What causes NBIA disease?

PKAN, or Pantothenic Kinase-Associated Neurodegeneration, is caused by mutations in the PANK2 gene. This is the most common form of NBIA, making up 35 percent to 50 percent of the NBIA population. This gene provides the instruction for making an enzyme called pantothenate kinase.

What does PKAN stand for?

Pantothenate kinase-associated neurodegeneration (PKAN) is a type of neurodegeneration with brain iron accumulation (NBIA). The phenotypic spectrum of PKAN includes classic PKAN and atypical PKAN. Classic PKAN is characterized by early childhood onset of progressive dystonia, dysarthria, rigidity, and choreoathetosis.

What is Joubert syndrome?

Joubert syndrome is a rare brain malformation characterized by the absence or underdevelopment of the cerebellar vermis – an area of the brain that controls balance and coordination — as well as a malformed brain stem (molar tooth sign).

Is there a cure for PKAN?

There is currently no established therapy for the disease. Intrathecal baclofen has been reported to improve ease of care and dystonia in PKAN patients. Deferiprone, an iron chelator, has been shown to be safe and tolerable in PKAN patients, as well as effective in reducing brain iron accumulation as measured by MRI.

Is NBIA curable?

There is no cure for NBIA, nor is there a standard course of treatment. Treatment is symptomatic and supportive, and may include physical or occupational therapy, exercise physiology, and/or speech pathology.

How is NBIA diagnosed?

The diagnosis is usually suspected when brain MRI findings suggest abnormal iron accumulation in the basal ganglia. Although all of us have iron in this area, people with NBIA have extra iron made visible on MRI (magnetic resonance imaging) scans.

Is PKAN genetic?

PKAN is inherited in an autosomal recessive manner and is caused by mutations in the PANK2 gene .

What is NBIA disorder?

Neurodegeneration with brain iron accumulation (NBIA) is a rare, inherited, neurological movement disorder characterized by an abnormal accumulation of iron in the brain and progressive degeneration of the nervous system. Several genes have been found that cause NBIA.

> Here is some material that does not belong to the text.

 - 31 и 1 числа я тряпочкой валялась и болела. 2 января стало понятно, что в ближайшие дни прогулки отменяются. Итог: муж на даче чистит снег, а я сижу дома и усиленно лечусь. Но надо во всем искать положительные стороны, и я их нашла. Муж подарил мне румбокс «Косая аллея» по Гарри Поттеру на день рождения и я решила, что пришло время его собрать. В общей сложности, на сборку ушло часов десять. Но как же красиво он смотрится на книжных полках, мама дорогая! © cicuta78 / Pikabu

What is the Leigh syndrome?

Definition. Leigh’s disease is a rare inherited neurometabolic disorder that affects the central nervous system. This progressive disorder begins in infants between the ages of three months and two years. Rarely, it occurs in teenagers and adults.

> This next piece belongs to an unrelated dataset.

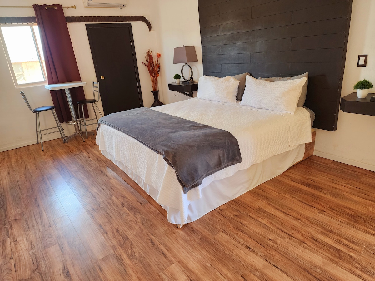Room designed for a pleasant rest and to enjoy sunrises, sunsets, the sky, stars, and the moon from your terrace. Suitable for two people, with a Queen bed, air conditioning, fan, coffee maker, hot water, and high-speed satellite internet. Perimeter wall for privacy and security. The bathroom has a mirror, soap, shampoo, conditioner, hand towel, and hairdryer. Enjoy vineyards and wineries in Valle de Guadalupe. Safe and close to the region's most iconic places.

What kind of enzyme does the PANK2 gene make?

The PANK2 gene provides instructions for making an enzyme called pantothenate kinase 2.

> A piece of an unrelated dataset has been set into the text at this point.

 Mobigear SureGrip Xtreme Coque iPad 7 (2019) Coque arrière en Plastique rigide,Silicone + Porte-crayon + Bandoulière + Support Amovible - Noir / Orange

How is pantothenate kinase-associated neurodegeneration ( PKAN ) defined?

Pantothenate kinase-associated neurodegeneration (PKAN) is a rare disease characterized by a progressive degeneration of the nervous system (neurodegenerative disorder) and buildup of iron in the brain. PKAN is usually classified into two forms: classic and atypical. Classic PKAN causes symptoms in the first ten years of life.

Why is PKAN considered an autosomal recessive disorder?

PKAN is inherited and is called an autosomal recessive disorder. Because most of our genes exist in pairs (one coming from the mother and one coming from the father), we normally carry two working copies of each gene.

How is pantothenate used to treat PKAN NBIA?

Some individuals with an atypical disease course have anecdotally reported improvements in dysarthria, gait imbalance and a sense of well-being when taking pantothenate. Clinical studies are underway to investigate the potential of a form of pantothenate, which is pantethine and pantethine derivatives, to treat PKAN.